Canadian playwright and theatre director

Alisa Palmer is a Canadian theatre director and playwright. She was the artistic director of Nightwood Theatre from 1993 to 2001. Palmer served as the artistic director of the English section of the National Theatre School of Canada for eleven years, departing the school in 2024.

== Early life ==
Born and raised in New Brunswick, Canada, Alisa Palmer completed a degree in history at McGill University. Her theatre education was based in Montreal and included training with Philippe Gaulier of L'École Internationale de Théâtre Jacques Lecoq (Bouffon and Masque Neutre), Cirque du Soleil (acrobatics), L'École de Mime Corporel de Montréal under Jean Asselin as well as periods of study with Brazilian director Augusto Boal.

== Career ==
Palmer's first interaction with Toronto-based Nightwood Theatre was at the 1987 Groundswell Festival, where she performed with the improv group, Hysterical Women. Following that festival, Palmer directed two shows before joining Nightwood's leadership team. In 1993, Palmer and Diane Roberts were appointed co-artistic directors of Nightwood Theatre, succeeding Kate Lushington. In 1995, Palmer was appointed the sole artistic director of the company. Palmer's leadership at Nightwood was instrumental in confirming the company's move away from a collective to a "legitimate" theatre company.

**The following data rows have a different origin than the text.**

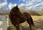 Are you looking for a marvelous mare? Meet Maggie! This sweet chestnut beauty is a 16 year old Missouri Fox Trotter. She’s lots of fun and was quick to make friends with some of our other horses. Maggie has the potential to succeed in various disciplines and styles, but will be a true project. We think she’ll do her best with an experienced, patient rider. If you think Maggie is the missy for your barn, inquire to adopt.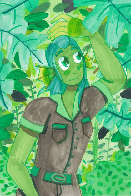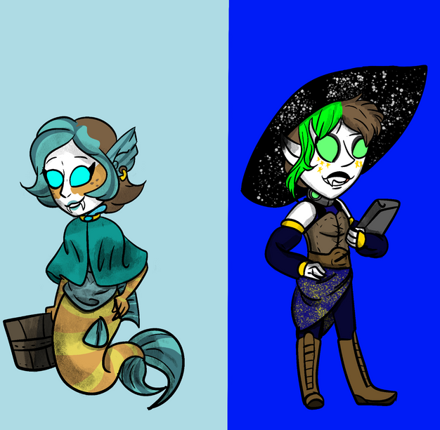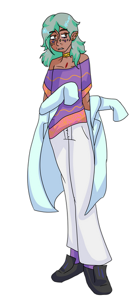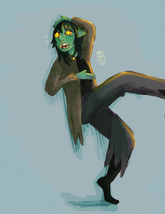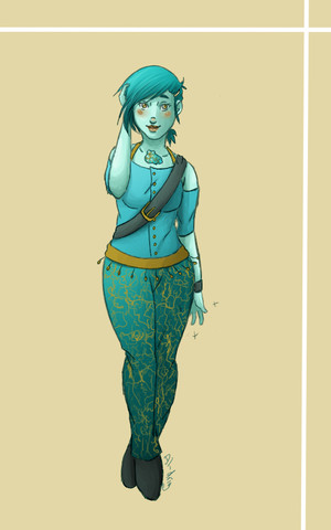 Anyway, Azri is amphibious, has silver shark-looking eyes, and is wearing angry frog leggings.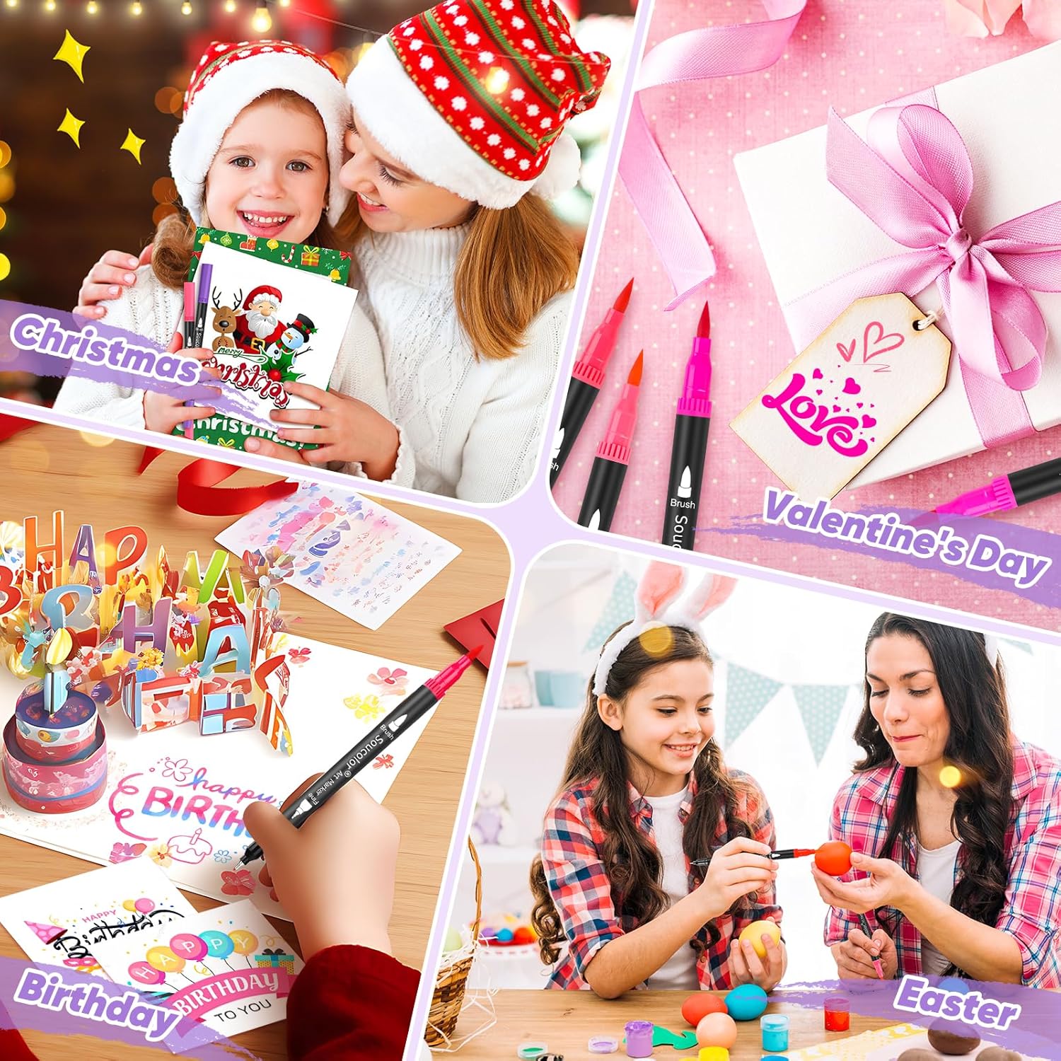 Soucolor Gifts for Women, Gift Baskets for Women Adult, 150 Colors Dual Tip Brush Markers for DIY Journal Kit Coloring Drawing Sketching, Sister Gifts Sets Box for Kids Teens Girls Gift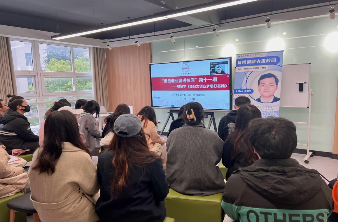 11月19日,由党委学生工作部主办,英国beat365官方网站承办的第十一期“优秀创业者进校园”创新创业专题报告会在翡翠湖校区学生公寓二号楼学生社区成功举办,学院优秀校友、安徽万带兰国际贸易有限公司、合肥优泰克电器有限公司董事长张赞宇应邀担任主讲嘉宾,全校300余名学生通过线上线下结合的方式参加。英国beat365官方网站院长张四红主持活动。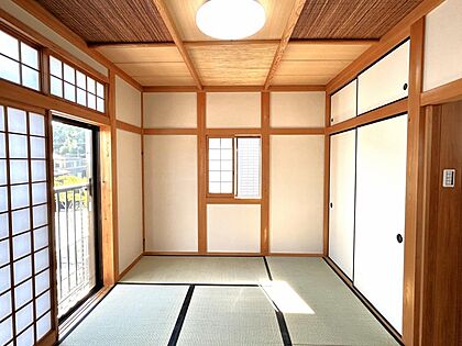 【リフォーム済】2階和室です。畳表替え、壁塗装を行いました。天井が作りこまれたおしゃれな空間です。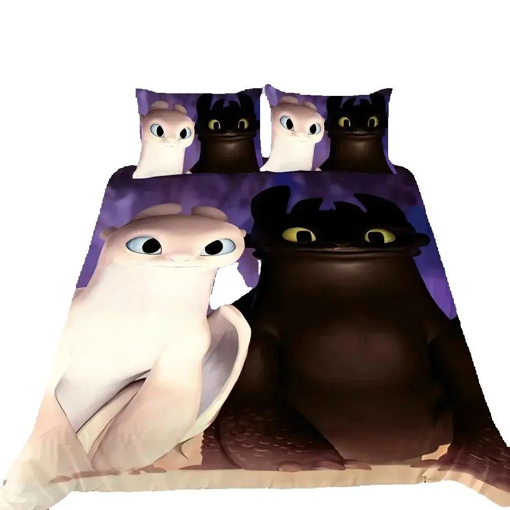 Divertente set di biancheria da letto con copripiumino e federa T-Toothless, decorazione per camera da letto per adulti, ragazzi e ragazze, regalo per bambini, singolo, doppio, grande formato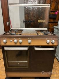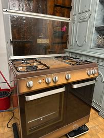 Design vintage color bronzo/marrone metallizzato, con 5 fuochi e doppio forno.

In 1995, Palmer directed the play The Attic, The Pearls, and Three Fine Girls, which she co-created with Ann-Marie MacDonald, Leah Cherniak, Jennifer Brewin, and Martha Ross. The play was performed by Theatre Columbus, a clown-inspired company created by Leah Cherniak and Martha Ross, and co-starred MacDonald, Cherniak, and Ross. The Attic was nominated for several Dora Mavor Moore awards in the Small Theatre division, including for Outstanding New Play or Musical and for Outstanding Direction. In 2011, Palmer and all of the original cast members except Cherniak, staged a sequel to The Attic called More Fine Girls. More Fine Girls was performed at Tarragon Theatre.

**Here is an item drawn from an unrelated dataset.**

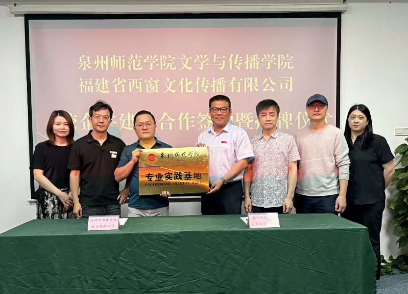 4月29日,文传学院院长王勇卫教授、新闻传播系主任张灿荣教授带领相关专业教师到福建省西窗文化传播有限公司进行访企拓岗考察,并举行实践基地签约及授牌仪式。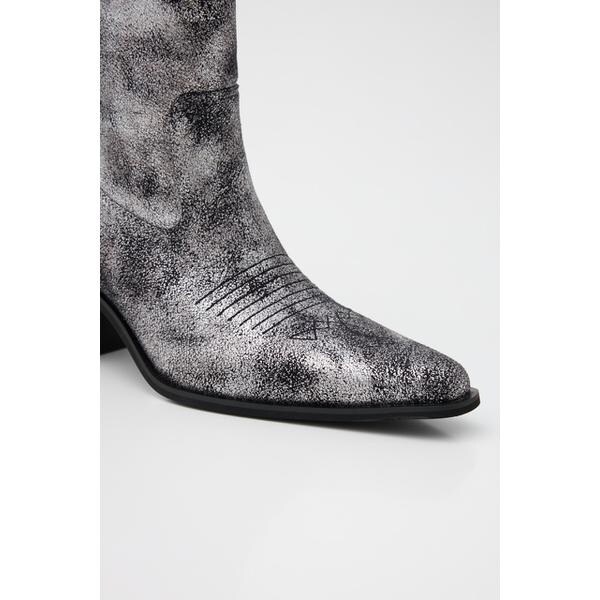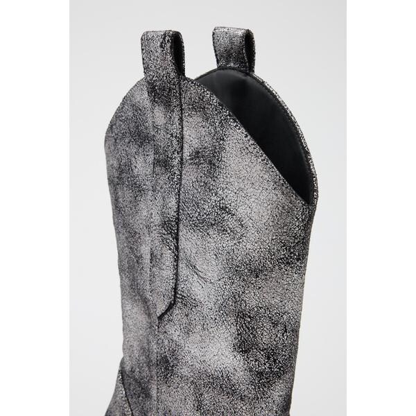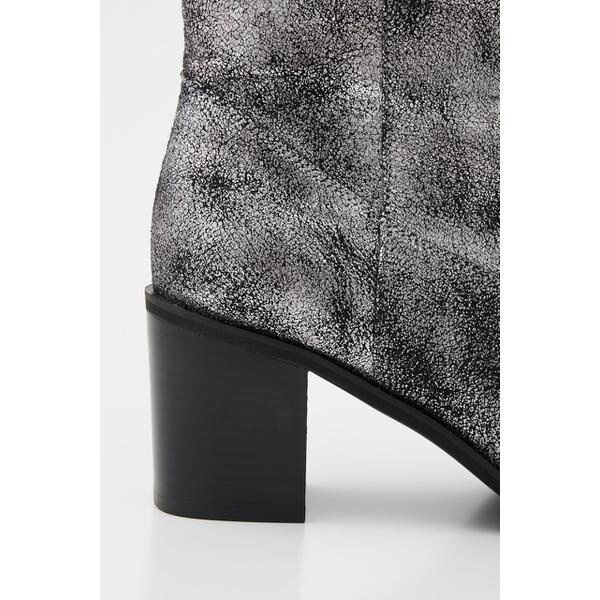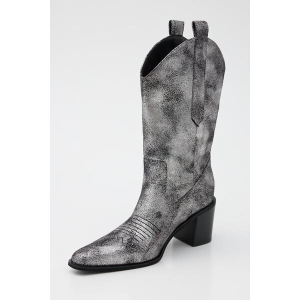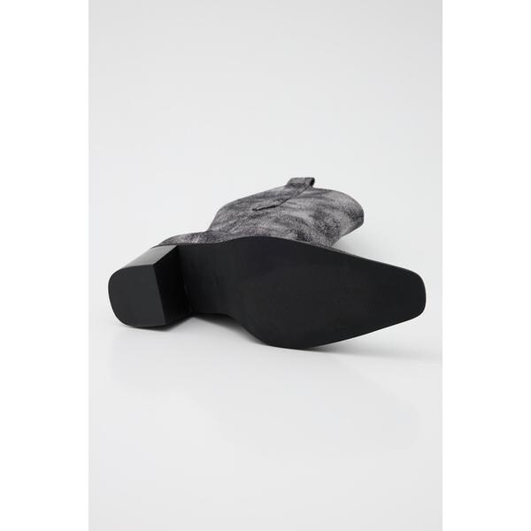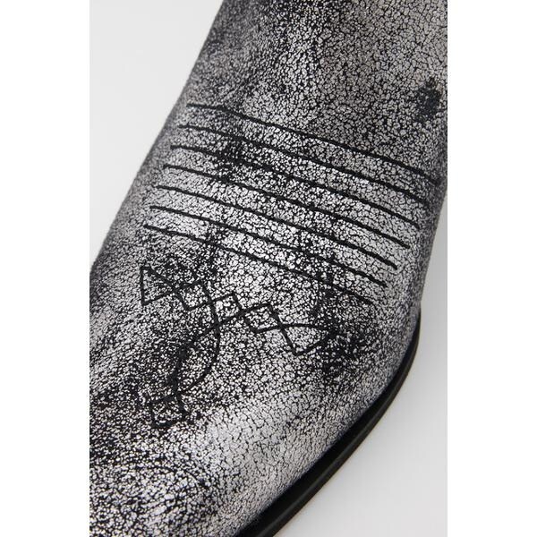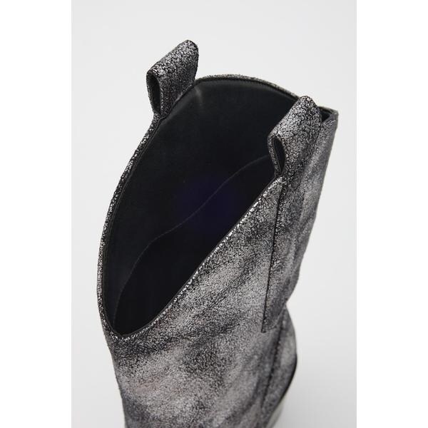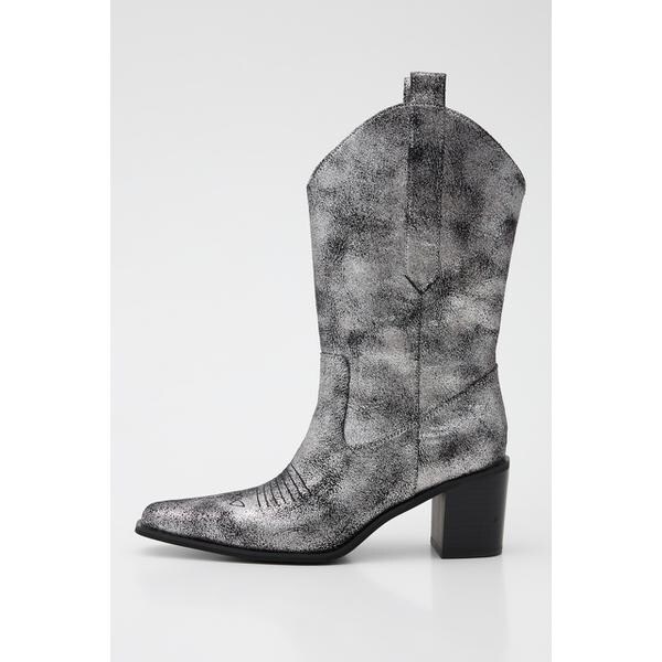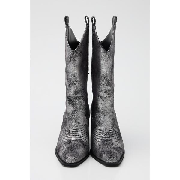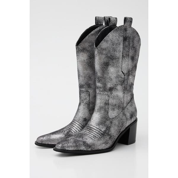 【MIDDLE WESTERN BOOTS】■POINT:トレンドのポインテッドトゥのミドルウエスタンブーツ。■DETAIL:ポインテッドトゥに程よくウエスタンデザインを取り入れているので、履くだけでシックな印象に。ヒールも安定感があり、程よい傾斜なので歩きやすく、履き口もきつ過ぎないので着脱しやすいです。■STYLING:今季トレンドのシルバーは、お手持ちのワンピースやデニムスタイルに合わせるだけでポイントに。ブラックも雰囲気のあるエイジング加工を施しているので、今っぽさがありながらも、デイリーに合わせやすく、長く愛用できるアイテムです。【BLK】独特な風合いが特性の素材を使用しています。色落ちや色ムラがあり、使用とともにさらに表面変化が見られる場合がありますが、製品の特徴としてご理解いただき、風合いをお楽しみください。ご着用の際に組み合わせ衣料に色落ちする場合がありますので、濃淡の組み合わせはご注意下さい。【SLV】表面の箔プリントは永久的なものではなく、使用の繰り返しで剥離することがあります。過度な摩擦(特に湿潤時)はお避け下さい。高温多湿の場所に保管しないでください。※商品画像はサンプルのため、色味やサイズ、素材の混率等の仕様に変更がある場合がございますので、予めご了承ください。※一部予約商品につきましては生産上の都合によりお届け予定日や店頭発売と前後する場合もございます。※追加生産商品は、一部の店舗、通販で販売中の場合がございます。予めご了承下さい。

While working at Nightwood, Palmer directed such shows as Bridget McFarthing's Blatantly Sexual (1993), Lisa Walter's Difference of Latitude (1994), Sabina Fella's Fed by Fairies (1996), Diane Flacks's Random Acts (1997), a workshop production of Caryl Churchill's The Skirker (1998), and Alex Bulmer's Smudge (2000). Palmer also acted and wrote while with Nightwood. Palmer's play Wearing the Bone was performed by Nightwood Theatre as part of the 1993–1994 season. In 1996, Palmer acted in Baņuta Rubess's Froth: a spectacle about shopping & hysteria. Palmer co-wrote the book for the musical Anything That Moves with Ann-Marie MacDonald; Anything That Moves premiered at Nightwood under Palmer's direction as part of the 1999–2000 season. Palmer left Nightwood in 2001.

Palmer has directed with the Shaw Festival for eight seasons from 2005 to 2012. At the Shaw Festival, Palmer directed several shows including Ann-Marie MacDonald's Belle Moral: A Natural History (2005), Stephen Sondheim's Sunday in the Park with George (2009), Clare Boothe Luce's The Women (2010), and Githa Sowerby's A Man and Some Women (2012).

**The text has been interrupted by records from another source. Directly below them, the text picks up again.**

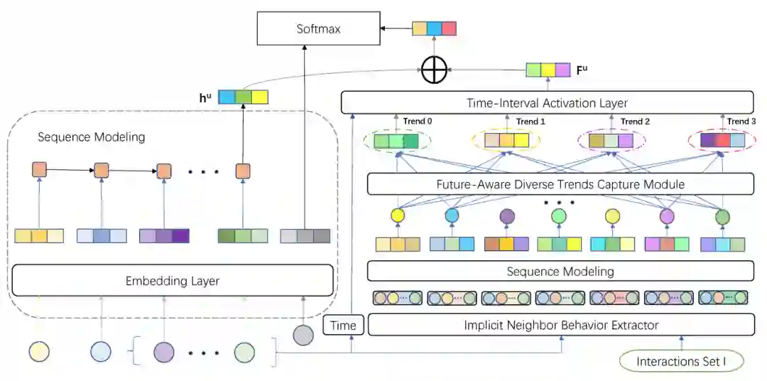 本文来自于腾讯核浙江大学,提出了一种用于增强序列化推荐模型多样性的框架(FAT)。对于一个用户的行为序列,首先使用序列模型(LSTM)获取到当前用户的兴趣,再将当前用户的打分向量与其他所有用户打分向量计算皮尔森系数作为用户之间的相似度信息,再根据此相似度选择一些邻居用户,从邻居用户的交互中选择时间大于当前时间的未来交互序列并同样使用序列模型得到特征,再通过一个考虑时间信息的注意力层得到未来的趋势信息,与当前用户的序列特征一同用于推荐。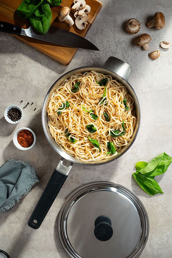 Apta para todo tipo de cocina, incluida inducción, y con un diseño elegante de acabado espejo, esta sartén es el equilibrio perfecto entre rendimiento, estética y durabilidad.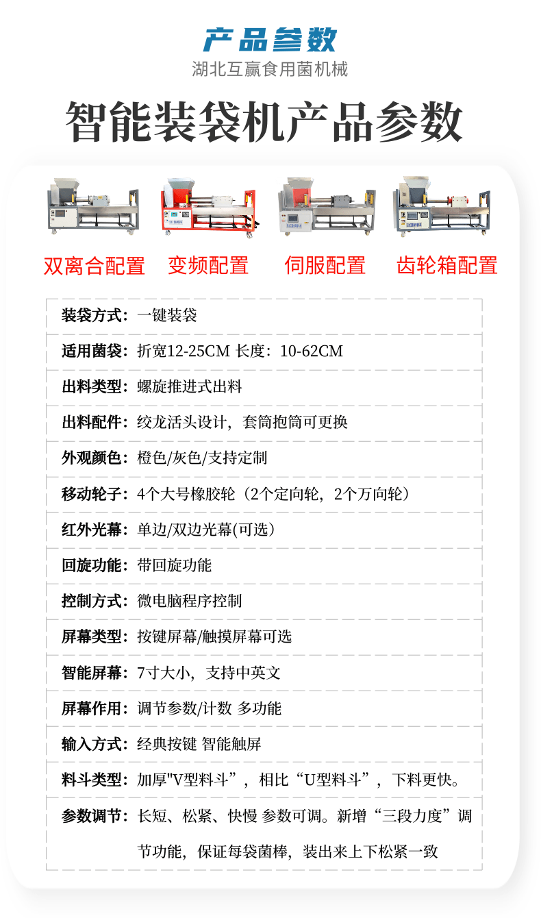 近年來代料香菇裝袋機(jī)的發(fā)展,越來越迅猛。其規(guī)模不斷擴(kuò)大,品種不斷增多,地域限制越來越少。是農(nóng)民增收的可靠保障,也是地方政府的經(jīng)濟(jì)支柱。自動套袋食用菌裝袋機(jī)廣泛用在香菇、木耳、平菇、金針菇、茯苓、灰樹花、姬菇、秀珍菇等食用菌種植領(lǐng)域。是工廠、基地、合作社、家庭農(nóng)場理想的工廠化生產(chǎn)機(jī)械。生產(chǎn)規(guī)模的大小可根據(jù)資金、銷售量、經(jīng)營方式、技術(shù)力量、資源條件等綜合因素來確定,可用單機(jī),也可組合設(shè)計成半機(jī)械化...

In 2007, Palmer directed Caryl Churchill's Top Girls for Soulpepper Theatre. She won a Dora Mavor Moore Award for Outstanding Direction of a Play for her direction of Top Girls. Palmer later directed Marsha Norman's 'night, Mother for Soulpepper in 2008.

Palmer was a resident director of Mirvish Productions' world premiere of The Lord of the Rings in Toronto. In 2016, Palmer directed Nick Green's Body Politic for Buddies in Bad Times. Palmer is also the founder of Vita Brevis, a theatre company involved in the creation and promotion of new works.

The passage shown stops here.